Table 2 adds valuable information in terms of the performance of the proposed approach. If a few additional datasets can be used to run a similar experiment, it would be helpful to determine if the system consistently performs well.

Some discussion and example of how the approach supports findability would be helpful.

In page 6, section 4.1, the sentence 'Figure 1 shows a summary diagram automatically …' should be 'Figure 4'.

Page 6, Section 4, the two tables with PROV class and properties needs captions.

Page 8, 'The results shown in section 4 where obtained' should be '…were obtained'

Page 8, 'This is is demonstrated' should be 'This is'.

Review #3
Anonymous submitted on 04/Jun/2019
Minor Revision
Review Comment:

In this paper, the authors present an approach that focuses on annotating intermediate workflow data, tackling findability and reusability of data of genomic workflow data. The rationale behind this work is that intermediate data produced within a workflow can be shared and reused by other researchers to test further hypotheses, instead of wasting computational time in reproducing such data.

The paper is very well structured, as it starts from the problem, describes the approach and discusses its results.
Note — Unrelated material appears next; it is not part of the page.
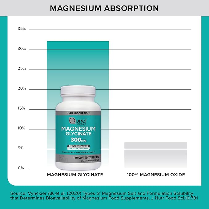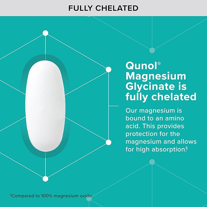 - HIGH ABSORPTION - Qunol’s Magnesium Glycinate is fully chelated, which means the magnesium is bound to an amino acid, providing a protective coating around the magnesium allowing for high absorption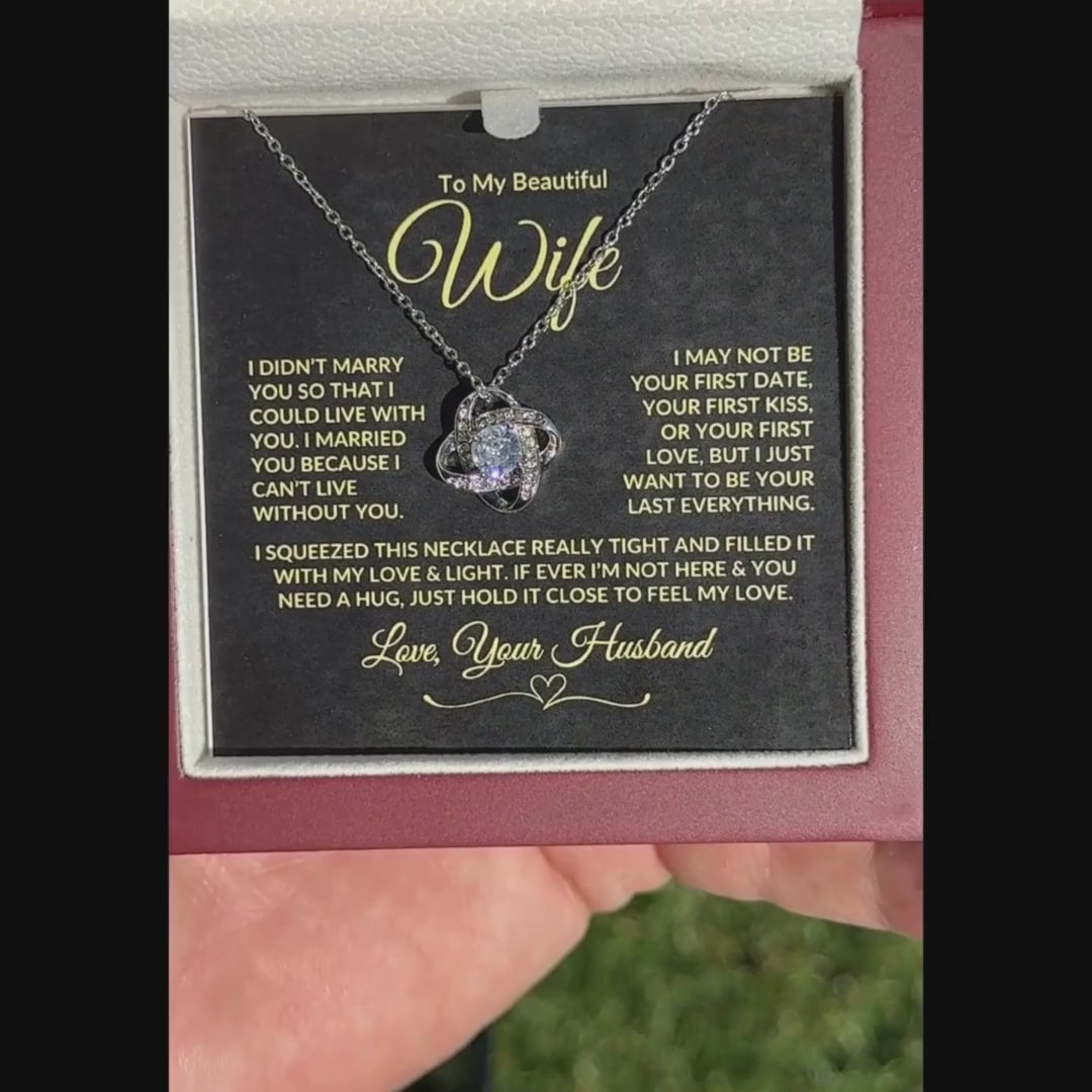 I squeezed this necklace really tight and filled it with my love and light. If ever I'm not here and you need a hug, just hold it close to feel my love. Love, Your Husband"

However, to me it seems that the paper currently lacks a list of requirements for running the FRESH approach:
• Availability of a workflows
• Semantic tool catalogues
and so on. This list would help the reader to understand what is needed to run your approach. I like the fact that you considered how we can export this approach and use it in other domains.

Regarding the results of you approach, FRESH returns both human and machine-readable summaries, respectively with text and diagrams, and nano-publications. Have you thought of evaluating your approach? Perhaps running a user study to assess the comprehensiveness of the text and diagrams? This evaluation could definitely help you in understanding how easy is for researchers to find and reuse such intermediate data.
How feasible is for you to create a gold standard against which compare the nanopublications returned by the algorithm? This would help estimate the goodness of your approach.
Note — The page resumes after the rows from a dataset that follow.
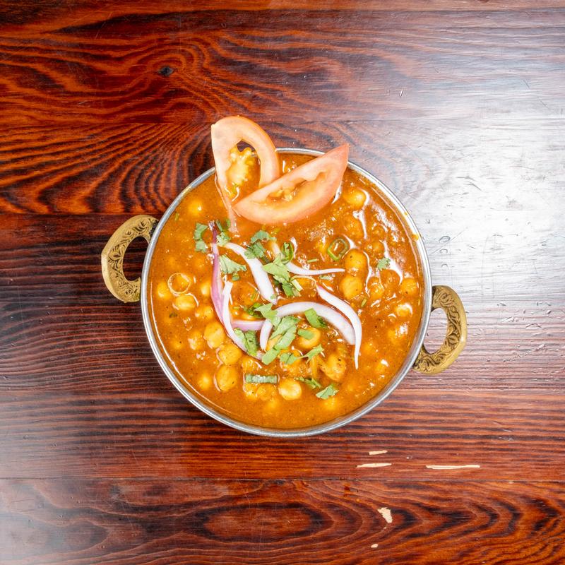 Chickpeas cooked with special herbs and spices in taste of the Himalayas gravy.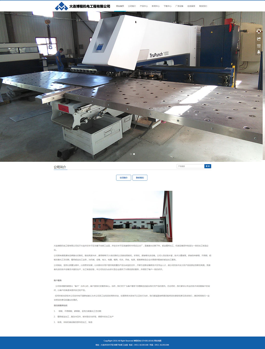 大连博程机电工程有限公司位于大连市甘井子区辛寨子由家工业园,并在甘井子区泡崖钢材市场设立分厂,是集激光切割下料、钣金精密加工、机械设备部件制造为一体的加工制造企业。公司拥有德国通快品牌激光切割机、数控高速冲床,通用等离子/火焰切割机以及数控剪板机、折弯机、焊接等先进设备...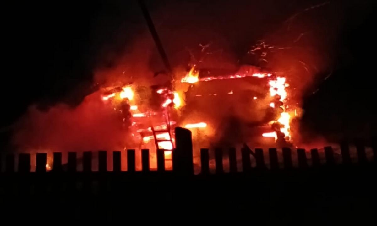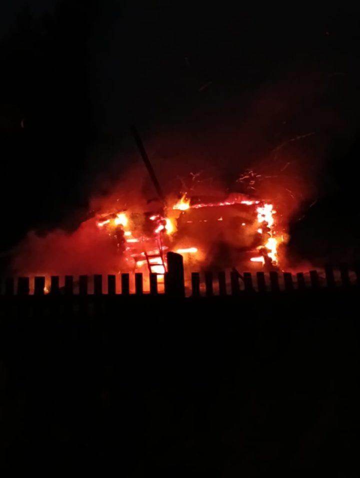 Сообщение о пожаре поступило в 00:01. К приезду пожарных деревянная баня была полностью охвачена огнем.
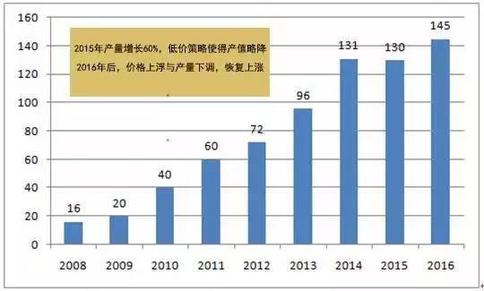 圖五 LED芯片市場規模(單位:億元),中國LED芯片的快速增長,滋養著像澳洋順昌這樣的新成立上遊公司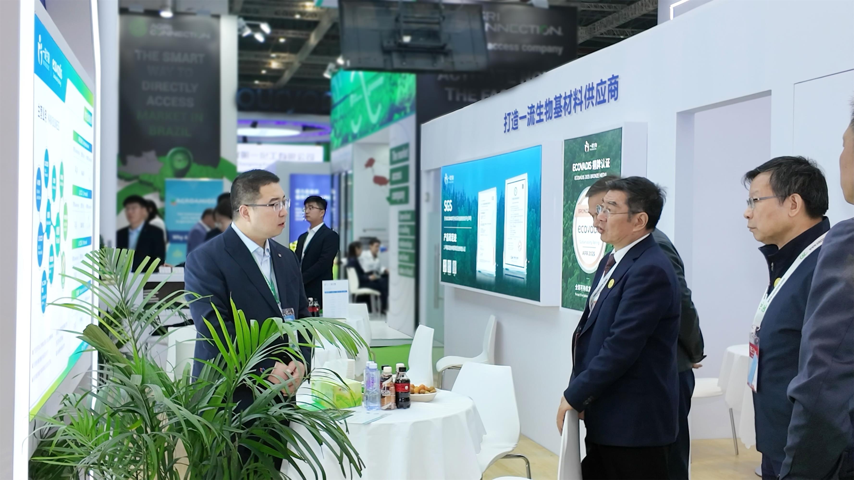 During the exhibition, representatives from the China Petroleum and Chemical Industry Federation visited the YINO Biologic booth and held discussions with our team on topics including green manufacturing, the development of the bio-based industry, and product applications. This further reflected the industry’s growing attention to sustainable manufacturing and the practical industrialization of bio-based solutions.

I believe that the related work should be section 3, after the motivation and the problem statement section, and before the description of the approach. The related work section gives more context and explains why we need such approach.

Overall, looking at the review criteria, I can that it has:
• High originality
• Fair significance of the results
• High quality of writing

• Page 6, second column, row 24: I believe it should be figure 4 (instead of 1)
• Page 6, second column, row 34: “which highlights”
• Page 6, second column, row 35: “The diagrams show”
• There are duplicate footnotes, e.g. 2 and 6, 5 and 13. Footnote 14 should contain a link that does not work.